WORK INSTRUCTIONS ▸
Begin at the line below that holds "在交流環(huán)節(ji" and end at the line that holds "2011年4月21日下午,省", transcribing each line exactly and skipping any picture.

TASK INPUTS ▸
↓
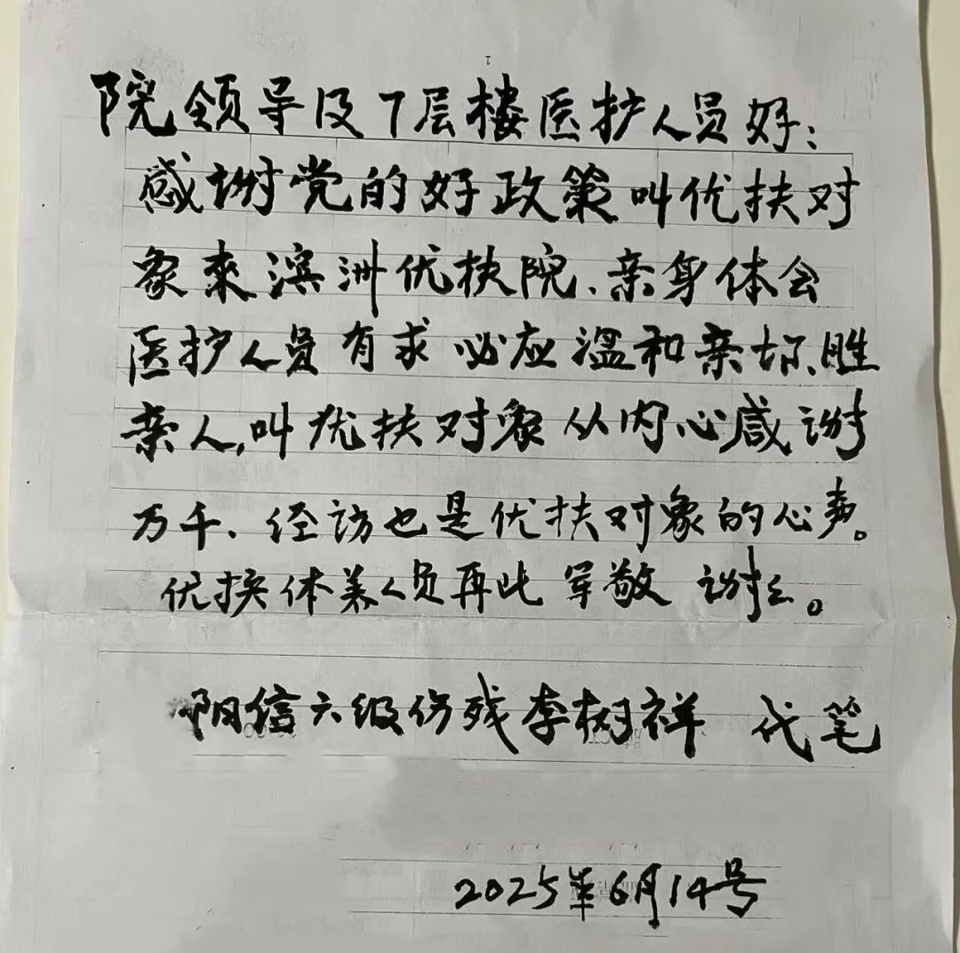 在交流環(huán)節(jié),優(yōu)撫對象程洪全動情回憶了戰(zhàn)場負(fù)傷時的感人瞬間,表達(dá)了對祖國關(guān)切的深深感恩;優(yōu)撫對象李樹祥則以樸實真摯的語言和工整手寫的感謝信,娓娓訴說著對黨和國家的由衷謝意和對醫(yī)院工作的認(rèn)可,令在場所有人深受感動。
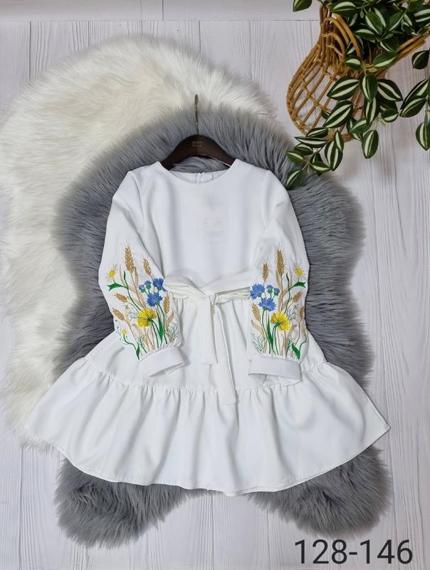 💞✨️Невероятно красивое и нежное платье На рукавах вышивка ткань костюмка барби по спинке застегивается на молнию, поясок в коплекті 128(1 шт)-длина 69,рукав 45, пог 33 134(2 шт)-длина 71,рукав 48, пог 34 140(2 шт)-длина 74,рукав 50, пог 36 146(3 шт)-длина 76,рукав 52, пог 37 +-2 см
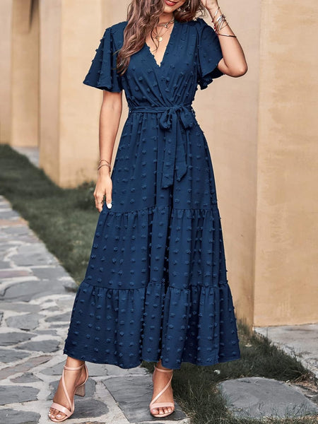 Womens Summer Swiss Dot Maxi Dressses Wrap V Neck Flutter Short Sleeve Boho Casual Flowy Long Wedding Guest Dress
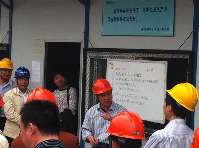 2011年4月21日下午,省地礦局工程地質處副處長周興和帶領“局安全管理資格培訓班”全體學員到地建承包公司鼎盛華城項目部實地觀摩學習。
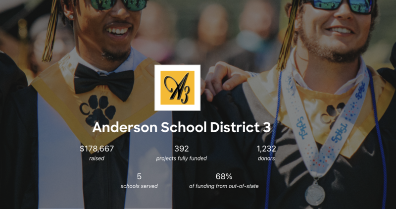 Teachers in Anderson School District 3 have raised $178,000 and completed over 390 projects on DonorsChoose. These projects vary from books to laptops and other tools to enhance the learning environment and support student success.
↑
↓
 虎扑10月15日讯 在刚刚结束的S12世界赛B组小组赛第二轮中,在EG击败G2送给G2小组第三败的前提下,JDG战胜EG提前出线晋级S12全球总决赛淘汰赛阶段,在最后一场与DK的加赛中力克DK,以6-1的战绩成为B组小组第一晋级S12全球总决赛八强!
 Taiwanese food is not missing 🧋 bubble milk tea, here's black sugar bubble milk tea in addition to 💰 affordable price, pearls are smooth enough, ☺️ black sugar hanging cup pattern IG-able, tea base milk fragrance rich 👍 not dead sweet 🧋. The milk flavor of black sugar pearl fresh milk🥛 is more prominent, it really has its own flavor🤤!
↑
↓
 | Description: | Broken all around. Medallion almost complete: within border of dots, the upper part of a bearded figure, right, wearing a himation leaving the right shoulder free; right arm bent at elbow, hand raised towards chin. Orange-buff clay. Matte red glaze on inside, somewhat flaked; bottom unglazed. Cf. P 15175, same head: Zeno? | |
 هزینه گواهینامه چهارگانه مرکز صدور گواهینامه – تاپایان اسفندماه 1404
↑
SOLUTION TO THIS PROBLEM ▸
 在交流環(huán)節(jié),優(yōu)撫對象程洪全動情回憶了戰(zhàn)場負(fù)傷時的感人瞬間,表達(dá)了對祖國關(guān)切的深深感恩;優(yōu)撫對象李樹祥則以樸實真摯的語言和工整手寫的感謝信,娓娓訴說著對黨和國家的由衷謝意和對醫(yī)院工作的認(rèn)可,令在場所有人深受感動。
 💞✨️Невероятно красивое и нежное платье На рукавах вышивка ткань костюмка барби по спинке застегивается на молнию, поясок в коплекті 128(1 шт)-длина 69,рукав 45, пог 33 134(2 шт)-длина 71,рукав 48, пог 34 140(2 шт)-длина 74,рукав 50, пог 36 146(3 шт)-длина 76,рукав 52, пог 37 +-2 см
 Womens Summer Swiss Dot Maxi Dressses Wrap V Neck Flutter Short Sleeve Boho Casual Flowy Long Wedding Guest Dress
 2011年4月21日下午,省地礦局工程地質處副處長周興和帶領“局安全管理資格培訓班”全體學員到地建承包公司鼎盛華城項目部實地觀摩學習。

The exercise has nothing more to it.